Heidi, that's so great! I really love this book. Thank goodness for libraries that keep older titles. I just ordered myself a copy, too. The bee poem, above, made me laugh out loud the first time I read it. Thanks for stopping by.

This looks fantastic! Thanks for bringing it to our attention!

You're so welcome, Mary Lee. I was glad to discover that it's still in print.

I became aware of Langston Hughes and his wonderful poetry when living and working in NYC. I wish I had known about that sign E127 Street. I would have gone there just for that photograph alone.
Honouring poets in this way is something quite special.
Great detective work in bringing this children's book to our collective attention and great that it is still available. I shall add it to my ever expanding poetry collection.

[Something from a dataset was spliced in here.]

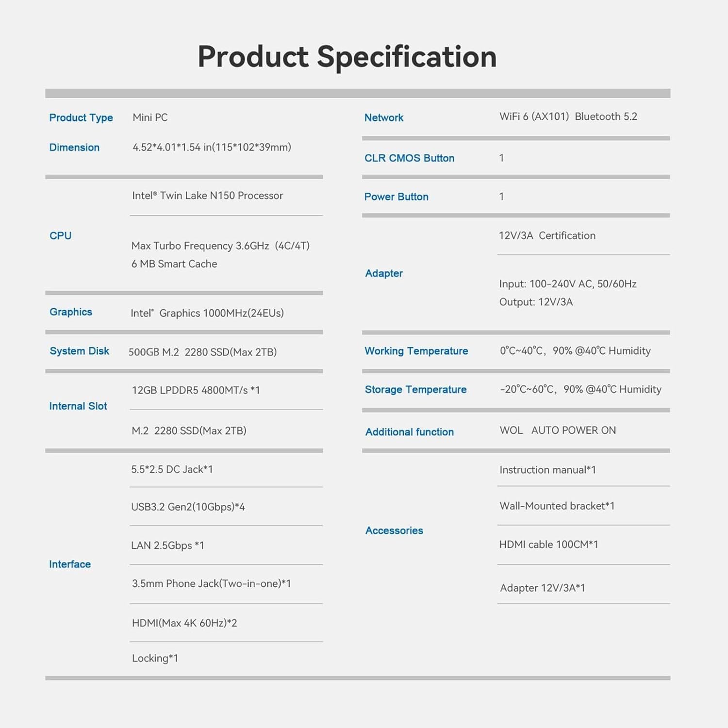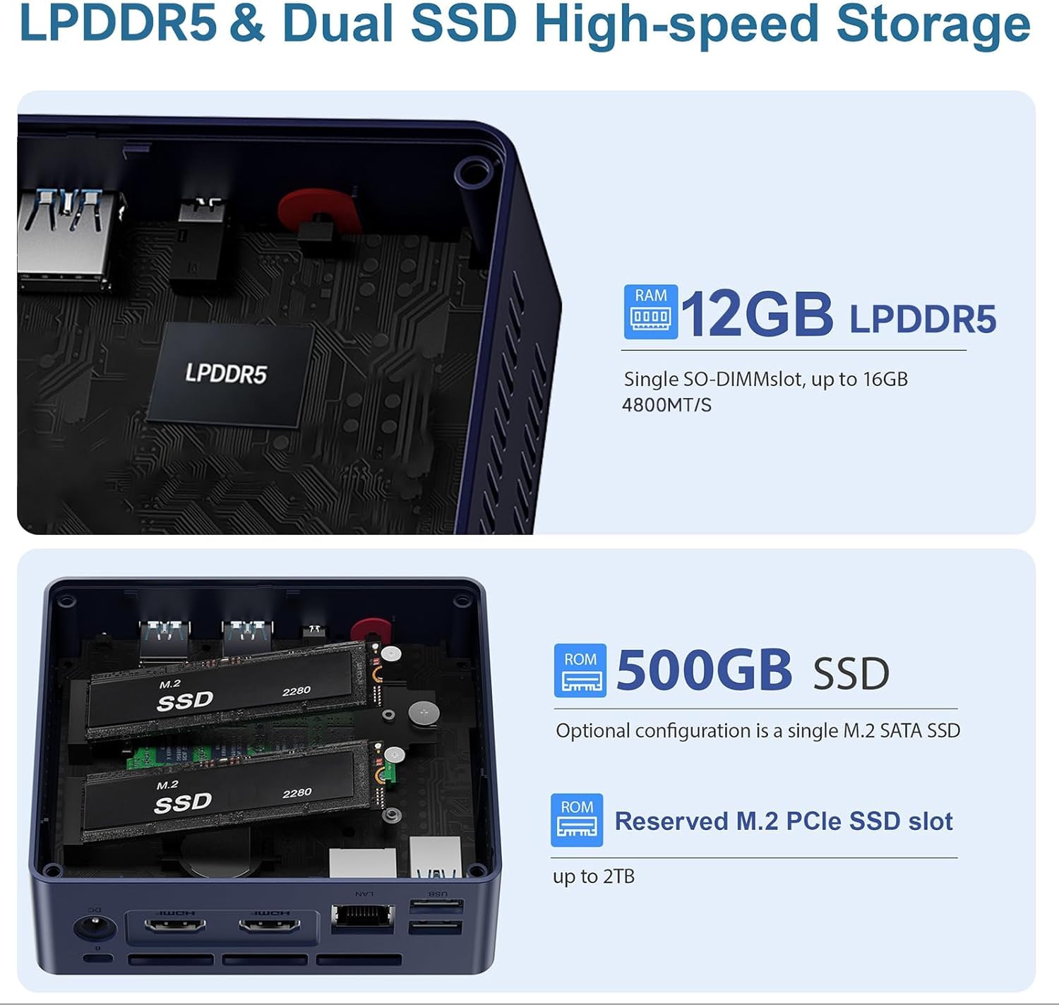 【12GB LPDDR5 + 500GB SSD】The mini pc is equipped with 12GB LPDDR5 4800MT/s for faster multitasking and smooth application switching. The 500GB M.2 NVMe SSD ensures fast boot times, rapid file transfers and ample storage space, eliminating slow loading times and ensuring snappy responsiveness. An additional M.2 PCIe 3.0 x1 interface (up to 2TB) is equipped to meet various usage needs

This is a new one for me. I imagine my granddaughters would love it, too! Those words about the lion tell exactly what I feel when I go to the zoo, a thought for the lions and others caged. Thanks!

Wow, this looks terrific!

Alan, thanks so much. I was really happy to stumble upon the book at the library; I had not known about it before. I enjoyed the little research project & since I'm in the city every week or two, the literary excursion was lagniappe for me!

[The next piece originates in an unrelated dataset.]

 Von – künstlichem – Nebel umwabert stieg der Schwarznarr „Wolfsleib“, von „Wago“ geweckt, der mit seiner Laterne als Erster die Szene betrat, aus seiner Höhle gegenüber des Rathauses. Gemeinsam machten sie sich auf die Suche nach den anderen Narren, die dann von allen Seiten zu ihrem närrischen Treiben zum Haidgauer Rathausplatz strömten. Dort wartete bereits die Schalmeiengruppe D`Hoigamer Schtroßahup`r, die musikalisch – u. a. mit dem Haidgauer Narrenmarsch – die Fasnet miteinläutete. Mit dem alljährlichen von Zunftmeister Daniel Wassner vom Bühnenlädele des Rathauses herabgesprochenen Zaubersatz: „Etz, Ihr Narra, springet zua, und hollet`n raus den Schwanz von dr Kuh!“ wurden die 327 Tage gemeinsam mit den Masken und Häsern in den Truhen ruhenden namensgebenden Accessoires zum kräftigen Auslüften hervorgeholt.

Linda, it's new to me, too. I can't wait to show it to the new group second graders! So true about the lions, too...

Ruth, it is! I have fun imagining the kiddos creating the art and have wondered if any of them went on to artistically oriented careers. I remember my own son making similar-looking fish in second grade for a project on Japan.

I have been a fan of Langston Hughes' poetry since I was a teen, but I wasn't aware that this book had been published. I look foward to checking it out. Thanks for bringing it to our attention!

You're welcome, Elisabeth. I liked the book so much that I bought a copy!

Wonderful to find your appreciation of this now out of print book. I led the team that developed the project while I worked a the Harlem School for the Arts. An editor at OUP approached us with the project - then newly discovered poems that, as I understand them, were developed by Hughes for use in teaching children. Sure wish we could get a reprint of this book!

Wow, that is cool. I love this book, and did order a paperback copy for myself. The student art is beautiful. I agree with you about a reprint!